Black Background

ooohhh, passion invoked.
I used to do mech / elec dwgs for THE MAN. now I do "architectural" for the wife.......
I used to cuss dimension strings on my technical dwgs, files we got from arch firms, because the arch could not find his rear with both hands. I mean, his strings did not add up and I wanted my ductwork to FIT.
( if you are an architect, and you are reading this, you are FAR MORE SAVY ON THE COMPUTER THAN 99% OF THE ARCHITECTS I WORKED "WITH" )
now I seldom draw ductwork, but when I do, my dimension strings are things of beauty. not only do the ALL WAYS add up, no diddling with one number without moving the wall it was tied to, but I keep in mind the damned framer and how he is likely to be laying out the walls.

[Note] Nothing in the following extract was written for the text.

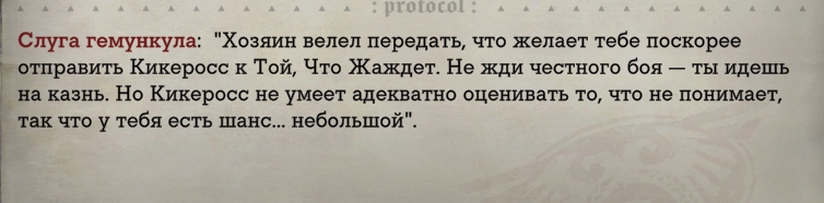 Я ГОРДИУС ФОН ВАЛАНЦИУС ПРЕЕМНИК ТЕОДОРЫ ФОН ВАЛАНЦИУС И СЕРЫЙ КАРДИНАЛ ПРОСТОРА КОРОНУС ОБЬЯВЛЯЮ О НАЧАЛЕ КРЕСТОВОГО ПОХОДА @ ВЛАСТЬЮ ПАТЕНТА ДАРОВАННЫМ НАВЕКИ ЛЮБИМЫМ И ПОЧИТАЕМЫМ ИМПЕРАТОРОМ ЧЕЛОВЕЧЕСТВА ПРИЗЫВАЮ СВЯТЫЕ ВОИНСТВА ДЛЯ БОРЬБЫ С КСЕНОУГРОЗОЙ И АРХИВРАГОМ @ СЕРДЦЕМ ПОХОДА ОБЬЯВЛЯЮ СВОЙ КОРАБЛЬ ЖЕСТОКИЙ ОТЕЦ @ ЛЮБОЕ ПРЕПЯТСТВИЕ ДЕЛУ ТКАЧЕЙ БУДЕТ РАСЦЕНИВАТЬСЯ КАК ЕРЕСЬ @ ИМПЕРАТОР ЗАЩИЩАЕТ

the thing he is measuring FROM better be there FIRST........ construction sequence wise.
and my dimension strings GO ALL THE WAY THROUGH whenever possible. I don't make you look for the right string to find the number you want. I don't make the framers THINK, that's what I get paid to do, and frankly, I am better at it.
that being said, I like tick marks for dimensions and arrow heads for leaders.
I am unable to conceive dimensions snapping one on top of the other. sounds like sloppy drafting to me. if brevity is the soul of wit, then minimal dimensions are the framer's nirvana. but (PREGO) it's in there.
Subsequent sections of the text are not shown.